Learning a Turbo

This stuff isn't rocket science. Throw however much fuel at it is required to maintain a max cylinder temperature of 380 and to remain below whatever your turbo's TIT limit is. If you are full throttle, that'll require full mixture, and in some continentals a fun abuse of the high boost pump to slam even more fuel in. If you are less than full throttle, you can likely lean things out a bit, using the previously mentioned limitations to help you judge how much.

If your max CHT temp and turbo temps are happy - you aren't hurting a thing. If you don't have instrumentation that lets you see the TIT and individual cylinder temperatures, buy that instrumentation. Nobody can afford to run a turbo airplane without it.

I typically do a very rich of peak climb followed by a very lean of peak cruise. Once you know the "right spot" you can quickly set the mixture to where it needs to be for LoP then fine tune a bit to get it right. Unless you're at minimal power settings (like below 65%), it is best to not spend much of any time between "very rich" and "lop", well, unless you like big maintenance bills.
 
Agree completely....frequent utilization trumps manner of utilization in all but the most extreme examples. With utilization as a constant, I would guess the longevity sweet spot for a properly equipped big bore engine would be 65-70%-ish power and LOP. Of course in some planes that results in a major performance degradation vs. book max performance and it's up to you as an owner or pilot how much you value extra performance when weighed against the potential of shorter engine life.

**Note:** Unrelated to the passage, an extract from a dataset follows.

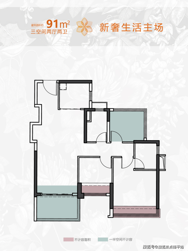 ● 建面约91㎡三空间两厅两卫: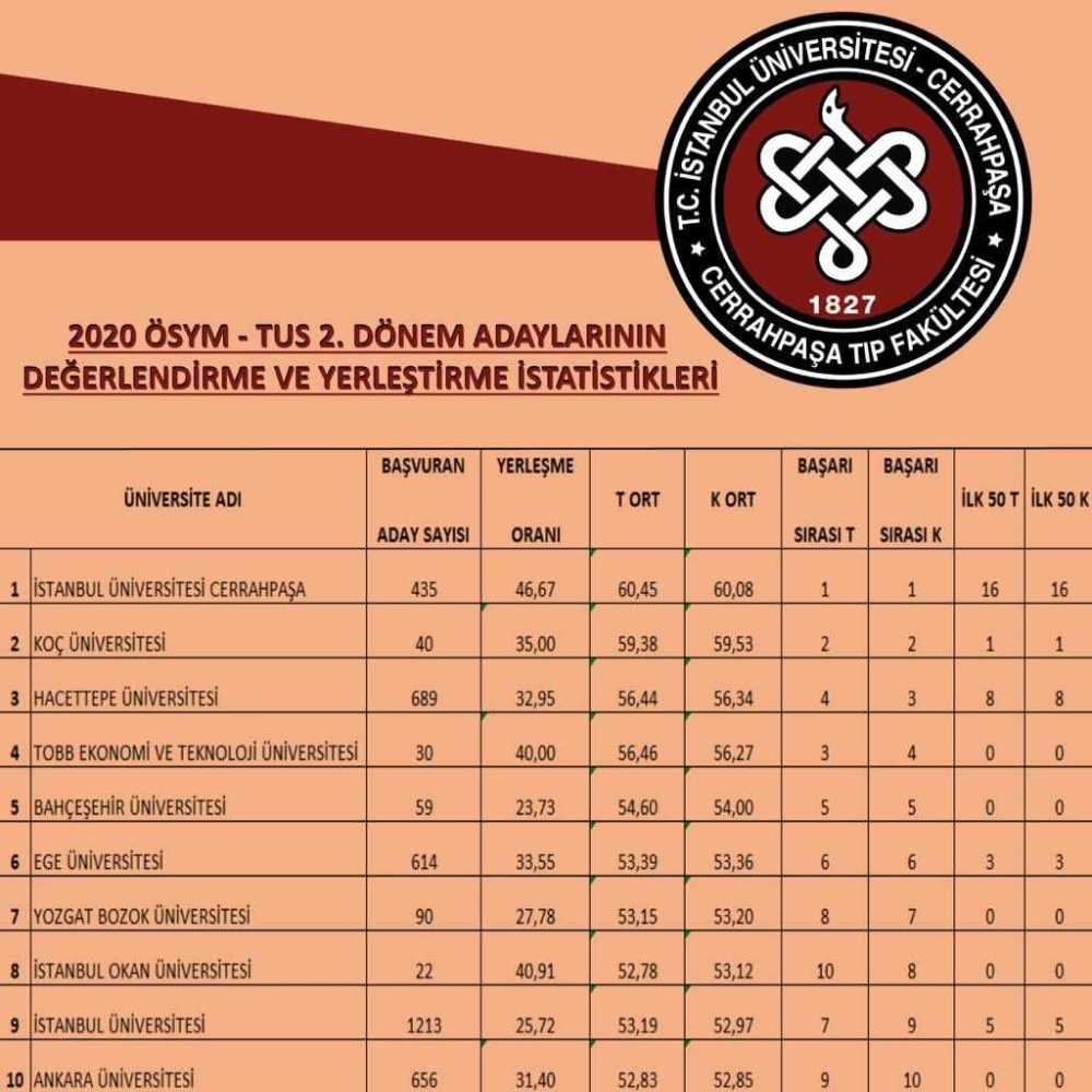 ÖSYM tarafından 4 Kasım 2020’de ilan edilen Tıpta Uzmanlık Sınavı 2. dönem sonuçlarına göre, kendisine ait olan ilk 10’da 5 öğrenci ile yer alma rekorunu daha da ileriye taşıyarak ilk 10’da 6 öğrenciye taşıyan Cerrahpaşa Tıp Fakültesi 4 Aralık tarihinde açıklanan yerleştirme sonuçlarında da en iyilerin tercihi olma geleneğini devam ettirdi.

I'd open it up to 65-75% if reasonably cool. Personally have run 3 large bore turbo'd engines (1 TIO540-AK1A as in this thread, and 2 TSIO520s) well past TBO running ROP with no issues (i.e., no cylinders ever pulled). But, all three engines in two planes flew around 200 hours per year. LOP may save fuel, but at least in my hands, ROP has had no detrimental effect on longevity of the powerplant.